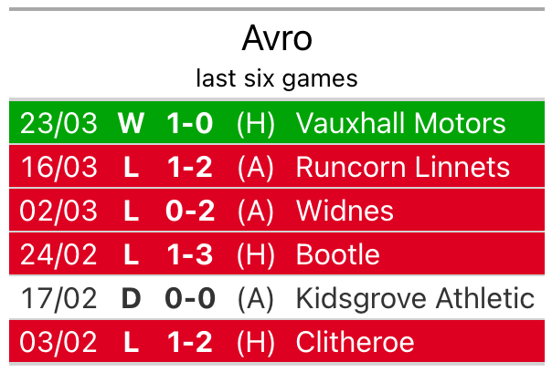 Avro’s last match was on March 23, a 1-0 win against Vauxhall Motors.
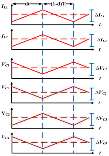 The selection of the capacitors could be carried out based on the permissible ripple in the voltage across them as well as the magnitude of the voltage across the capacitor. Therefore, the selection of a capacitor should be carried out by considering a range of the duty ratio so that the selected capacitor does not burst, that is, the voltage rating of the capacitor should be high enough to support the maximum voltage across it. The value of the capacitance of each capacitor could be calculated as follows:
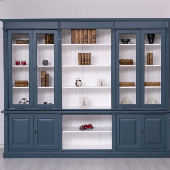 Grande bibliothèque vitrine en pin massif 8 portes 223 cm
==
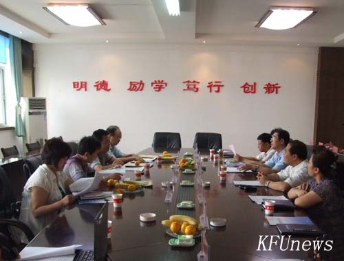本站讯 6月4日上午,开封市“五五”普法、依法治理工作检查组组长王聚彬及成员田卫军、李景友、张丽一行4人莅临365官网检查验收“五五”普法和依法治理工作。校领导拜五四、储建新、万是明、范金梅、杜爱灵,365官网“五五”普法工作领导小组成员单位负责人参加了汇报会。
* * *
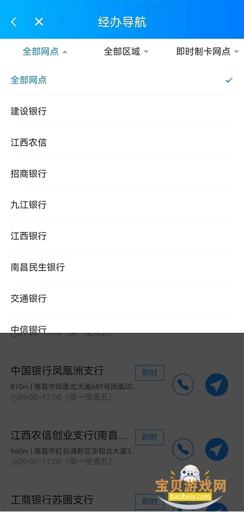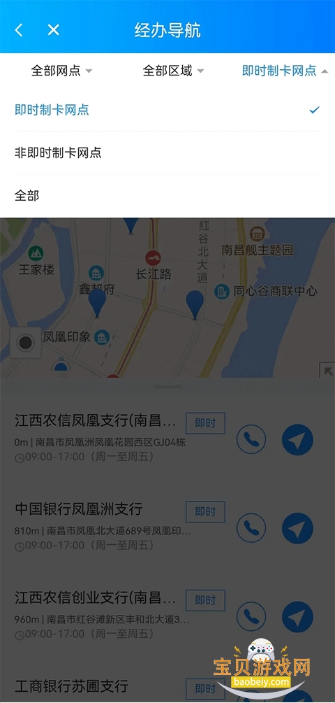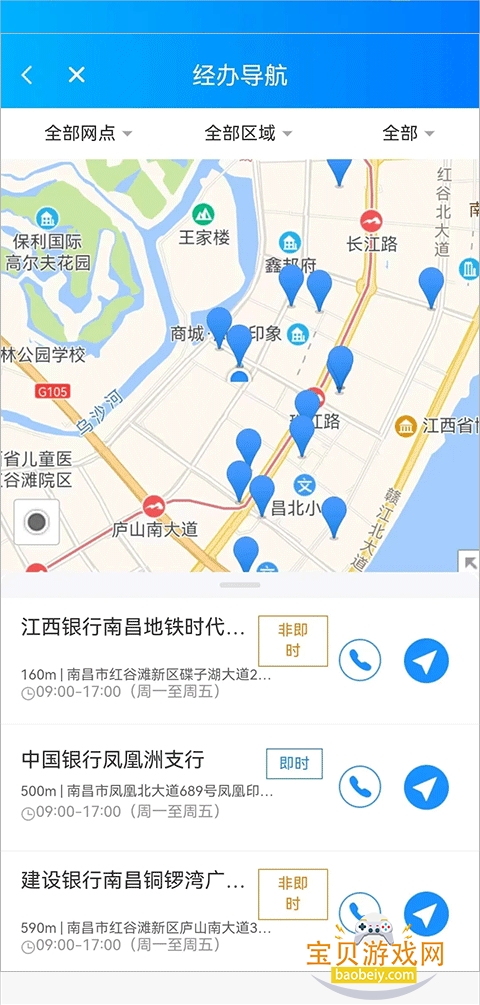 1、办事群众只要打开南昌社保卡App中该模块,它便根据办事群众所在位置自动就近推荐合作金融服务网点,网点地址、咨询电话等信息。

**TASK BRIEF:**
Would you please reproduce the entries above, starting at the line with "Avro’s last match" and stopping after the line with "Grande bibliothèque vitrine"? Omit any pictures.

**COMPLETED TASK:**
 Avro’s last match was on March 23, a 1-0 win against Vauxhall Motors.
 The selection of the capacitors could be carried out based on the permissible ripple in the voltage across them as well as the magnitude of the voltage across the capacitor. Therefore, the selection of a capacitor should be carried out by considering a range of the duty ratio so that the selected capacitor does not burst, that is, the voltage rating of the capacitor should be high enough to support the maximum voltage across it. The value of the capacitance of each capacitor could be calculated as follows:
 Grande bibliothèque vitrine en pin massif 8 portes 223 cm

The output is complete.